Está ainda por ser feito um estudo aprofundado e satisfatório sobre a arte do grupo Santa Helena, do qual Rebolo foi um dos fundadores. Nele, a maior parte dos sobrenomes denuncia origens itálicas, embora Francisco Rebolo Gonsales tivesse ascendência espanhola. Esse corintiano certamente não se importava em conviver com palmeirenses.

Sua arte, como a de outros do Grupo Santa Helena, remete para as práticas pictóricas de um Casorati, Sironi, Tosi, Donghi, De Pisis ou Morandi, isto é, para uma certa arte italiana do século 20 avessa aos radicalismos modernos das correntes internacionais.

Felice Casorati - Moça na colina - 1929



Giorgio Morandi - Paisagem - 1949




Na Itália, a melhor parte da pintura produzida entre as duas guerras manteve-se fiel às tradições da paisagem, do nu, da natureza morta, dos interiores. Conferiu sentido a eles, num século 20 que tendia a afastar-se desses gêneros. Interrogou o passado, voltou-se para as ordenações mágicas do "quattrocento" e para os arranjos sem falha das disposições clássicas. Os quadros de Rebolo irmanam-se, de modo claro, com a arte dos grandes mestres peninsulares de seu tempo. "Futebol", uma obra-prima de 1936, é muito reveladora. No primeiro plano, um drible mostra dois jogadores. São monumentais, porque dominam a superfície da tela e porque foram recortados com firmeza pelo contorno.
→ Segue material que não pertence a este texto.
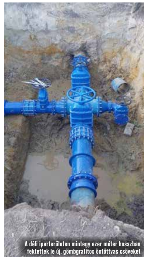
A déli iparterületen mintegy ezer méter hosszban fektettek le új, gömbrgrafitos öntöttvas csöveket

Rebolo Gonzales - Futebol - 1936


O pintor não tenta oferecer aquilo que seus meios não dominam: o movimento. 



As duas figuras impõem-se, sólidas, na melhor tradição do "disegno", nos gestos misteriosamente fixados, evocando as de Piero della Francesca criou em Arezzo. 
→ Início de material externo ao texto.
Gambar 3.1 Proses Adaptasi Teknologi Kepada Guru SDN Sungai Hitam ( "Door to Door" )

Piero della Francesca -  Batalha de Heráclio e Cosroes - Arezzo,  Igreja de São Francisco (detalhe) - 1458 - 1466


 As paisagens, naturezas-mortas, nus e retratos de Rebolo demonstram uma "objetividade sensível": ordenação precisa das formas, vibrando no ar. A primeira coisa a fazer, para compreendê-los, é perguntar: de que maneira os volumes se dispõem para equilibrar a imagem?


Francisco Rebolo - Natureza-Morta - 1939


A possível afinidade de Rebolo com pintores italianos do século 20 reforçaria, talvez, o aspecto "paulistano" de sua arte. Mas há também um clima. Não que Rebolo se interesse pela agitação da metrópole. Ao contrário, prefere os subúrbios, procurando aspectos rurais, ainda tão visíveis na paulicéia de 40 ou 60 anos atrás. Quando retrata o centro da cidade, é com um esvaziamento calmo e pacato. Além disso, o ar embaçado de São Paulo como que banha suas telas, silenciando ainda mais as cores discretas.

Francisco Rebolo - Rua do Carmo - 1936


Os anos de 1930 e 40, iniciais para a arte de Rebolo, significaram também um apogeu. Depois ele buscou dar uma feição mais "moderna" e simplificada a seus quadros. Essas novidades comprovam sua inflexão íntima para a geometria que estrutura as formas no espaço e para a fina percepção da atmosfera.


Francisco Rebolo - Praia com palmeiras - 1976



Rebolo nunca pintou com truques, com sinais fáceis, exteriores, que funcionam como marca evidente, como fizeram tantos artistas, mesmo alguns muito célebres. Se seus princípios são constantes, eles enfrentam novos problemas em cada obra. São quadros que se resolvem de maneira singular e sincera, não se submetendo a formas repetidas, renovando-se no prazer silencioso de pintar.